Exactly as they appear below, repeat the lines from the one with "Spectrofluorometer, Fluoromax – 4 Horiba" through the one with "Ta' Xbiex, Malta". Drop every picture.
-=-=-=-=-
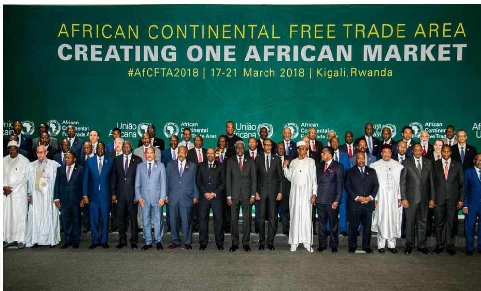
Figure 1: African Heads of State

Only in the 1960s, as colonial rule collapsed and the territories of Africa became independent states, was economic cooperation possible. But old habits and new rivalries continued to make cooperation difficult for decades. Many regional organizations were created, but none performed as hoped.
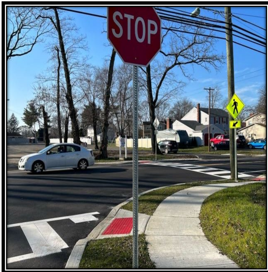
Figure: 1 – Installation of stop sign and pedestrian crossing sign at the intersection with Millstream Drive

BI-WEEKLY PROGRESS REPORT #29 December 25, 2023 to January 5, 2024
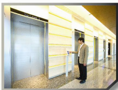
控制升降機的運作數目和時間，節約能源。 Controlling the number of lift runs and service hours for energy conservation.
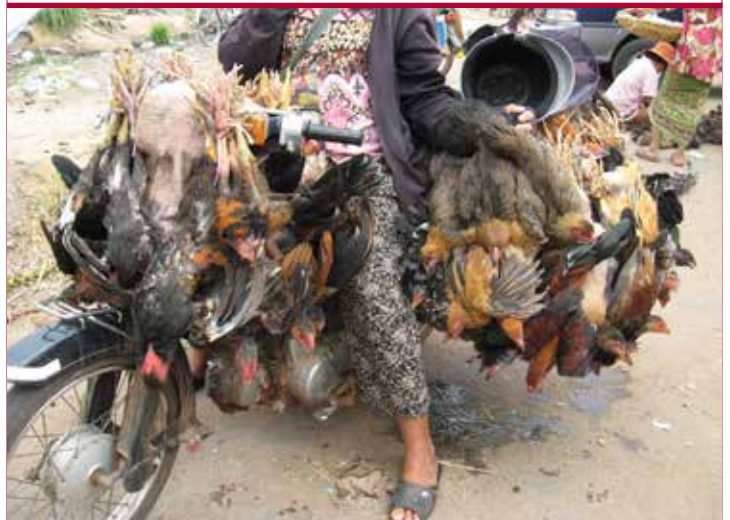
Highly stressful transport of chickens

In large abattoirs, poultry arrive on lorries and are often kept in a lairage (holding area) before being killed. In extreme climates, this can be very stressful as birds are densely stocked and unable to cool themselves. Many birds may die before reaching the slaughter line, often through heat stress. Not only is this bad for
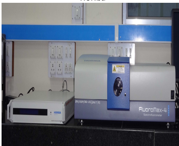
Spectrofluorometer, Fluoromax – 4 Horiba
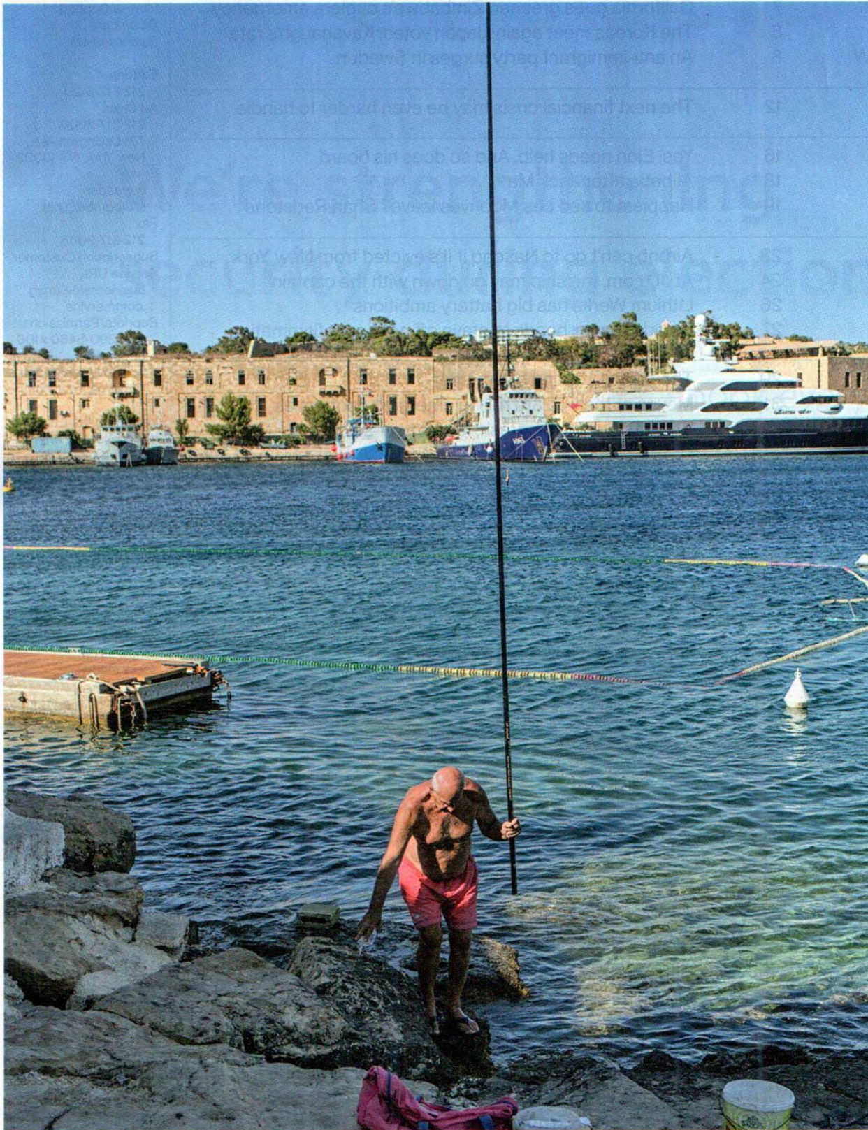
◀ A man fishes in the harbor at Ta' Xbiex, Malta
-=-=-=-=-
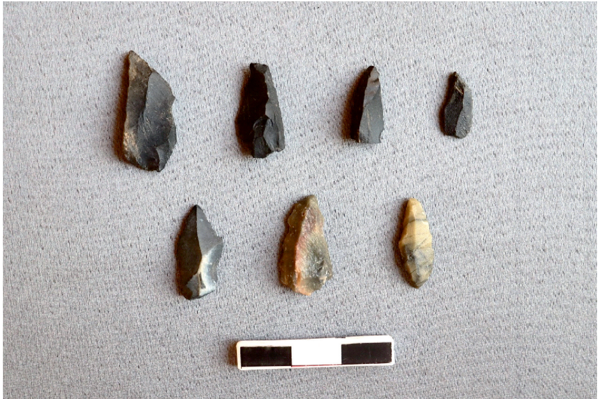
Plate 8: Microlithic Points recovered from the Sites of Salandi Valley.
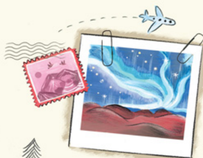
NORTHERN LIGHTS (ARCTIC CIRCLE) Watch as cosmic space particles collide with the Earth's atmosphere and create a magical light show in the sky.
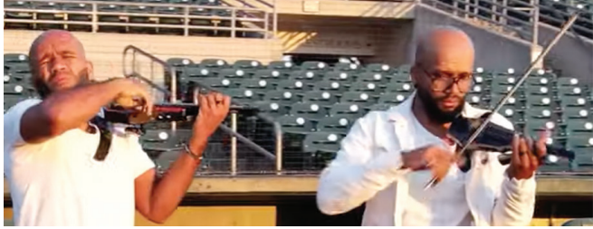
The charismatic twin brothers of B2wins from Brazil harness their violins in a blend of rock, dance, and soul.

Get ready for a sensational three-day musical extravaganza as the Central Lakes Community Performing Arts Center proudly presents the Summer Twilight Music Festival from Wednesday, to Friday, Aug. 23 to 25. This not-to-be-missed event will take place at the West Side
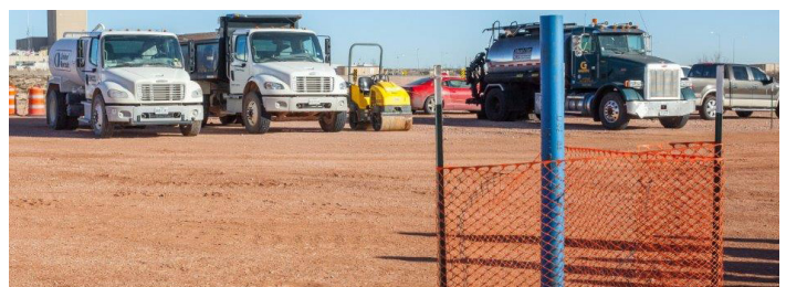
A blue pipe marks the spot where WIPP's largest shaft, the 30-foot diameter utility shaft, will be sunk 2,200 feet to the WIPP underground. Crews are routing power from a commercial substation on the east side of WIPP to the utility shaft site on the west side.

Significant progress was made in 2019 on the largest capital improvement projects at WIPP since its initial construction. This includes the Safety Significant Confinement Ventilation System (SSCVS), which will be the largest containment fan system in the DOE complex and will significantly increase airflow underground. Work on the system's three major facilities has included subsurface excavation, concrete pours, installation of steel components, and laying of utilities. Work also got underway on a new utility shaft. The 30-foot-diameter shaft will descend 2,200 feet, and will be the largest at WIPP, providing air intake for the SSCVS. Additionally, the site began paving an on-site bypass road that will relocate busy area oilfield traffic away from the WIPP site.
-=-=-=-=-
### Exercise output
Spectrofluorometer, Fluoromax – 4 Horiba
◀ A man fishes in the harbor at Ta' Xbiex, Malta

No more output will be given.